Elegí Amazon porque era la plataforma de ecommerce más reconocida a nivel global. En 2022 estaba trabajando a medio tiempo como empleada y, al mismo tiempo, hacía proyectos relacionados con mejora de inteligencia artificial como freelancer para empresas internacionales. Sentía que quería construir algo propio y encontrar una vía más real hacia el trabajo remoto permanente.

Ahí conocí una academia especializada en Amazon Seller Central y decidí formarme antes de invertir. Mi objetivo era entender realmente cómo funcionaba el ecommerce: desde elegir un producto, contactar proveedores, importar, crear una marca y gestionar ventas dentro de una plataforma con millones de compradores.

Hoy puedo decir que Amazon FBA no fue un éxito millonario ni un camino rápido hacia la libertad financiera. Fue algo mucho más valioso: fue mi primera experiencia creando una marca propia, poniendo dinero en un proyecto real y comprobando que era capaz de emprender.

Mi experiencia

Cuando empecé a investigar Amazon FBA tenía claro que quería hacerlo con cierta lógica. No quería comprar cualquier producto porque alguien en internet decía que era el próximo producto ganador.

La formación en Amazon Seller Central me enseñó algo fundamental: antes de elegir un producto hay que entender el mercado.

Empecé utilizando Helium10 como herramienta de investigación para analizar categorías, competencia, volumen de búsquedas y estimaciones de ventas. Después de analizar diferentes posibilidades dentro del mundo de mascotas, encontré una categoría que movía millones de compras: accesorios para animales.

Ahí apareció la primera gran decisión: elegir un producto suficientemente interesante, pero que no fuera una guerra imposible contra cientos de vendedores.
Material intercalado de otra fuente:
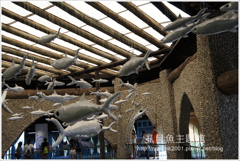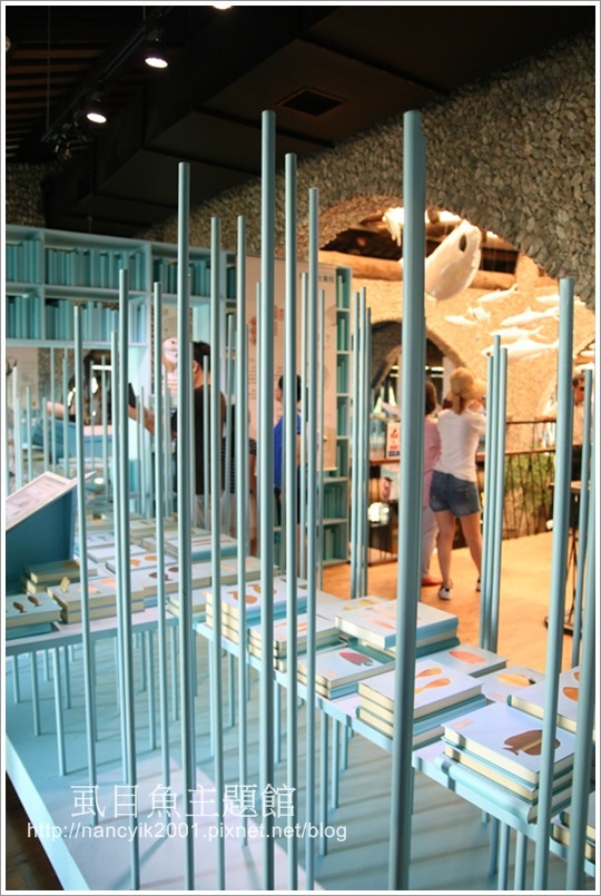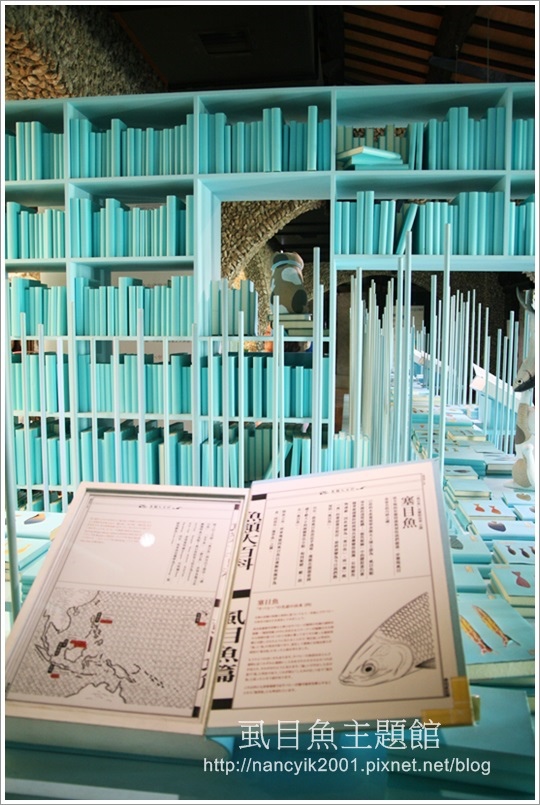 虱目魚主題館整座以圖書館為概念,以半透性海藍色為背景,
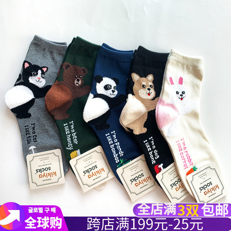 韩国东大门袜子女植绒可爱卡通动物中筒袜秋冬少女甜美袜子长筒袜热门设计联盟服务商

Analizamos diferentes opciones: correas para perros, transportines, bolsas para residuos, redes, palos rascadores para gatos, bebederos de metal y otros accesorios. Intentaba buscar un producto que cumpliera ciertos requisitos:

  • Que no fuera demasiado frágil.
  • Que no tuviera costes elevados de transporte.
  • Que no necesitara certificaciones complejas.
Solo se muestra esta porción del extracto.